### Assignment
What are the lines below, starting at the line containing "وعثر مع المتهم" and ending at the line containing "side pockets |"? Write them out exactly, ends included, without pictures.

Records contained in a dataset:

◆ ◆ ◆ ◆ ◆

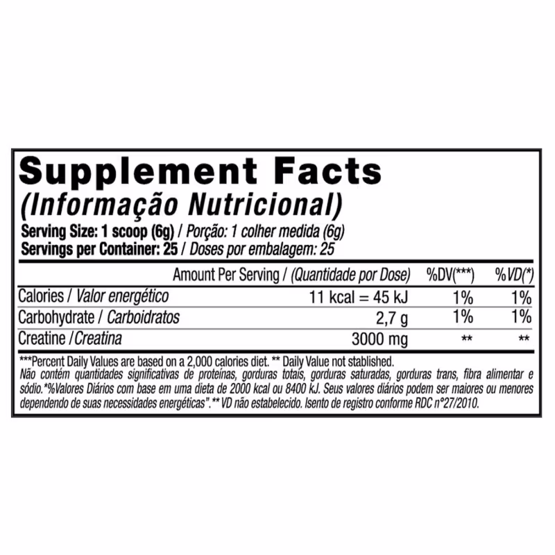 Black Skull Creatine Turbo é um produto formulado com creatina mono-hidratada em conjunto com o carboidrado maltodextrina. Cada dose possui apenas 12 calorias e entrega 3g da substância por dose. É energia pura e, consequentemente, apoio para seu processo de ganho de massa!
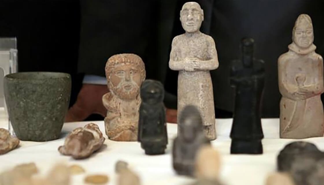 وعثر مع المتهم الآخر على عشر قطع أثرية أ خذت كما القطع الأخرى من موقعين أثريين في جنوب العراق عائدان للحضارة السومرية.
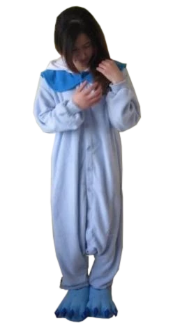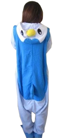 | Design and Style | Onesie: Hooded penguin-style with full sleeves, elastic wrist and ankle cuffs, and a button front closure, without kigurumi shoes Sweater: Long sleeved, penguin-style hoodie with a front zipper and side pockets |
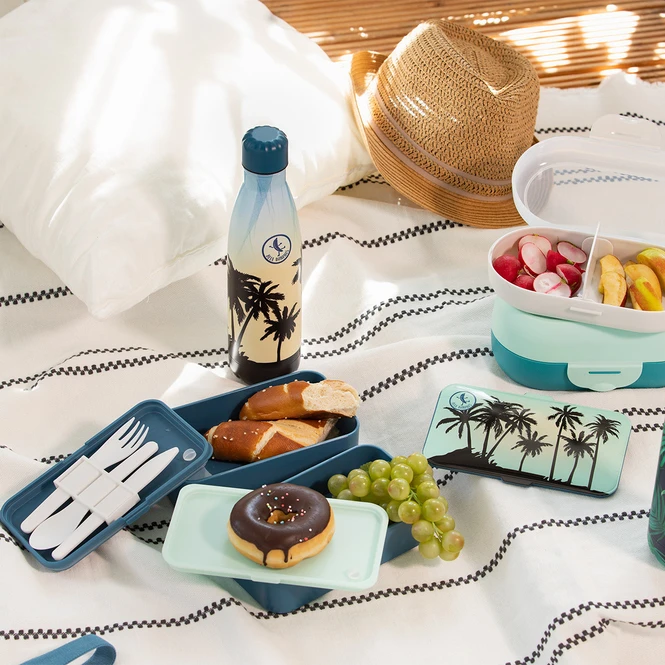 - Lieferumfang: 1 Set, bestehend aus 2 Brotdosen (inkl. Deckel), Messer, Gabel, Löffel und Gummiband
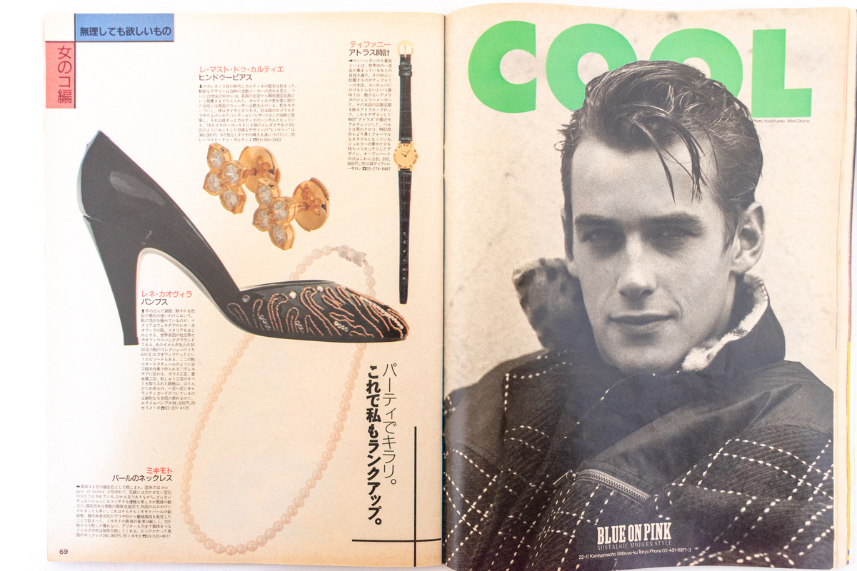 左ページは“無理しても欲しいもの 女のコ編”という特集ですが、“ちょっと高いけれど、持っていればもちろん尊敬の的になることうけあいだ。優越感に浸るため、おしゃれ人間と自負するためにも是非、手に入れたいものをご紹介!”と、ファッション性がどうこうはではなく、ステータスのための消費であることを誇示しているところに、今の感覚からすると虚しさを感じてしまいます。
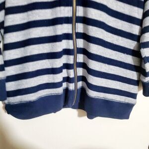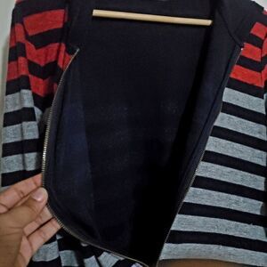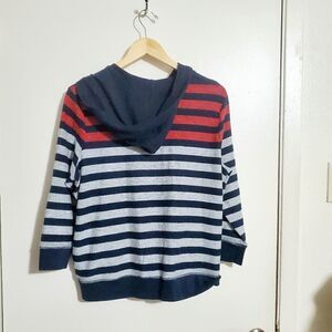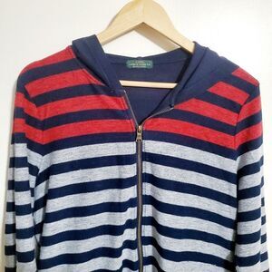 Gray,navy, and red striped sweater. It has a hoodie, and front zip up closure detail. Pre-owned in fair good used condition. Size not available. Best guess it's a size Large. Please refer to pictures, and measurements for best description, condition verification, and fit.
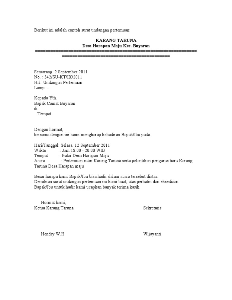 13 contoh surat undangan resmi dari desa untuk ketua rt. Rumah bapak karto keperluan : Contoh surat undangan resmi dapat digunakan agar surat undangan yang kamu buat sesuai dengan penulisan yang baik dan benar. Sebelum membahas contoh surat undangan yang baik dan paling lengkap. Mengharap kehadiran saudara/saudari pada : Demikian surat undangan ini kami buat, atas perhatian dan partisipasi serta kehadirannya kami ucapkan banyak. Contoh surat undangan rapat organisasi. Sehingga memudahkan koordinasi antar oraganisasi karang taruna maupun kepada instansi. Contoh surat undangan rapat karang taruna. Contoh surat undangan karang taruna. Sdr/sdri anggota karang taruna krida muda di surakarta. Informasi undangan yang kami bagikan semoga menjadi informasi terbaik dan bisa benrmanfaat untuk semua khususnya informasi tentang contoh surat undangan rapat karang taruna terbaru 2020 yang semuanya kami kumpulkan dengan serapih mungkin. Pada artikel kali ini kita akan membuat beberapa contoh surat tentang rapat karang taruna yang berhubungan dengan persiapan 17 agustusan dengan menggunakan masih ingatkah kamu dengan cara membuat surat undangan atau uleman yang bersifat resmi dengan menggunakan bahasa sunda?

◆ ◆ ◆ ◆ ◆

### Response area
 وعثر مع المتهم الآخر على عشر قطع أثرية أ خذت كما القطع الأخرى من موقعين أثريين في جنوب العراق عائدان للحضارة السومرية.
 | Design and Style | Onesie: Hooded penguin-style with full sleeves, elastic wrist and ankle cuffs, and a button front closure, without kigurumi shoes Sweater: Long sleeved, penguin-style hoodie with a front zipper and side pockets |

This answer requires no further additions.